Brodie first renders the ERB present in the template’s content with the existing ERB handler that comes with Rails. Brodie then returns a string of code which calls the “render” method on itself. That render method is shown next:

def render(source, local_assigns = {})
  markdown.call(
    liquid.call(source, local_assigns)
  ).html_safe
end

Here is where the actual rendering of the Liquid and Markdown occur. When this code is eval‘ed the parameter local_assigns is included for passing in variables when rendering a view. This is how variables are magically passed from Rails controllers into views.

Left: The old Jekyll site. Right: The new Rails site. The Help Centre rebuild looks the same but has a completely new backend

It’s as straightforward as that for rendering ERB, Liquid, and Markdown together. The early days of Brodie were spent understanding the ins-and-outs of ActiveView enough to validate that this approach was a sane practice and not breaking in edge cases.

Further Reading

The current documentation is really limited when it comes to Templates and Template Handlers. I would suggest building a small template handler, setting breakpoints and walk through the source. Here’s a great example of a template handler for Markdown.

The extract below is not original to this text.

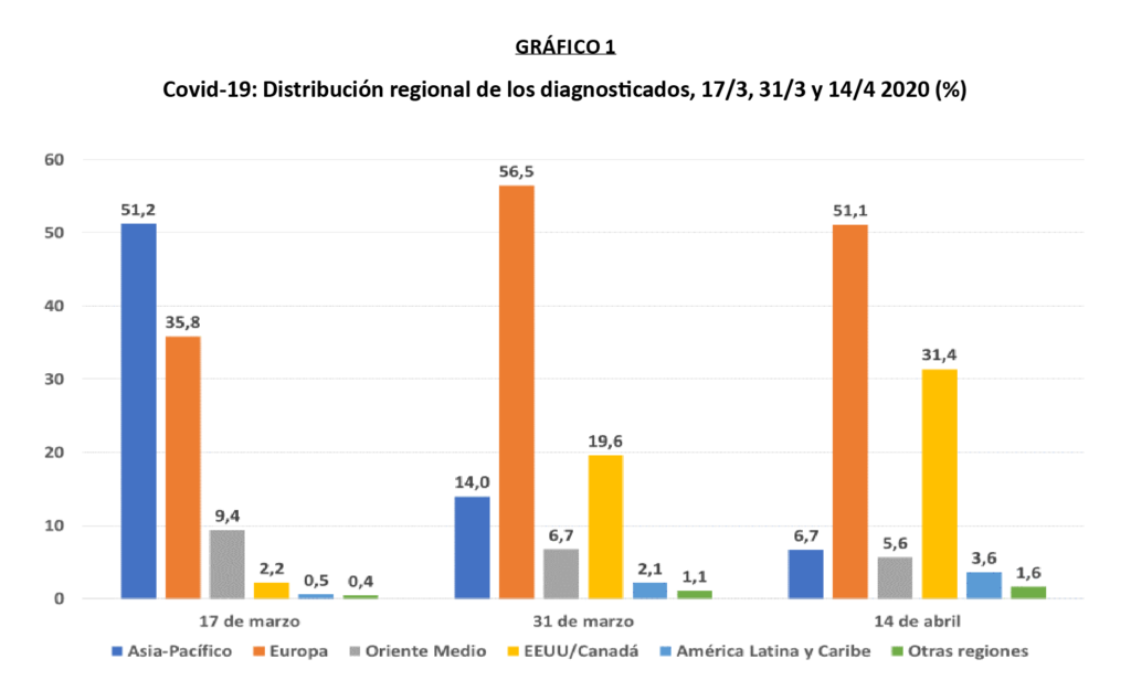 El gráfico 1 muestra la evolución de la distribución regional de los diagnosticados con coronavirus durante las cuatro semanas que van del 17 de marzo al 14 de abril, mientras que el gráfico 2 muestra la evolución de la distribución regional de los fallecidos, en ambos casos de acuerdo con los datos de la Organización Mundial de la Salud (OMS).

Additionally, looking over the source code and comments is the best way to get an understanding of the ActiveView internals. The main entry point into ActiveView is the render method from TemplateRenderer. Template would be best to check out next as it concerns itself with actually rendering templates. Lastly, Handlers would be good to check out to see how Rails can register and fetch Template Handlers.

Keep Continuously Testing

One of the more powerful tools on my toolbelt is a red-green development cycle. With this cycle of purposefully writing tests which fail (red), then writing the code required to make them pass (resulting in green tests), allows me to keep my mind focused on the current task at hand, and saves me time.

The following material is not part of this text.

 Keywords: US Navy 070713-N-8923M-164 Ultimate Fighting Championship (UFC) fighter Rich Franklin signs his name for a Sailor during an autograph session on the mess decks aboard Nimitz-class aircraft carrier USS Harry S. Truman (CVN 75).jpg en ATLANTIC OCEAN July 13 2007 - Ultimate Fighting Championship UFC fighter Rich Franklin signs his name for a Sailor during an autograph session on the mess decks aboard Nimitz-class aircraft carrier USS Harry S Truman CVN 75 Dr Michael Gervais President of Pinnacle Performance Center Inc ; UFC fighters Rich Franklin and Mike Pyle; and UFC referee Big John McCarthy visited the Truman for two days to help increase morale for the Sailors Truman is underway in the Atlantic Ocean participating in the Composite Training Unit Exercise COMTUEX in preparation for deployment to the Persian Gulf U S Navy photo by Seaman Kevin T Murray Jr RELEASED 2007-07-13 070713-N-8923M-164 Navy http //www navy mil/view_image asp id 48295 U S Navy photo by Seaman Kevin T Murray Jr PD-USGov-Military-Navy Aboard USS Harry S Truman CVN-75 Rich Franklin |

For example, take the annual Advent of Code set of challenges: given a problem and example input with output, create working code which solves the problem for any given input.

Small challenges such as Advent of Code provide the perfect scenario for Test Driven Development (TDD). Given an Advent of Code challenge, I would always write a test which asserts some output. Since those tests would fail, I would then proceed to write code which returns the correct answer.

My optimal TDD coding setup. Clockwise, from left: source file, test file, automatic test output, interactive Ruby console.

I can’t emphasize the time saved from automatically running my tests whenever any file is saved in my working directory. The time savings has payed off time and time again because it has saved me a number of keystrokes off of running tests manually each time. Saving my source or test file automatically causes my tests to start running in another terminal pane.

The one way I’m able to accomplish this is by utilizing two tools: ag and entr. These two shell tools used in combination allow for a powerful red-green development process.

ag (commonly known as the Silver Searcher, succeeded by rg (RipGrep)) is a program which lists files recursively. entr is a program which runs a given shell command whenever a file is modified. These two tools piped together like ag -l | entr -c rails test enable a TDD workflow because ag provides a recursive list of files, then entr watches those files and runs the provided command. In this case, the command to run every time is rails test. The -c is a parameter for entr to clear the console each time the command is rerun.

Download ag and entr

I would highly recommend trying out these two tools in combination next time you encounter your next TDD situation – it’s certainly saved me a lot of time repeating keyboard commands. Even if you don’t do TDD regularly or at all, I would recommend trying out these new tools.

Download ag from Github, or equivalently, rg (RipGrep) if you’re feeling up to the challenge. entr can also be fetched from Github.

For a quicker install

brew install the_silver_searcher entr on Mac OS.

apt-get install silversearcher-ag entr on Ubuntu-like systems.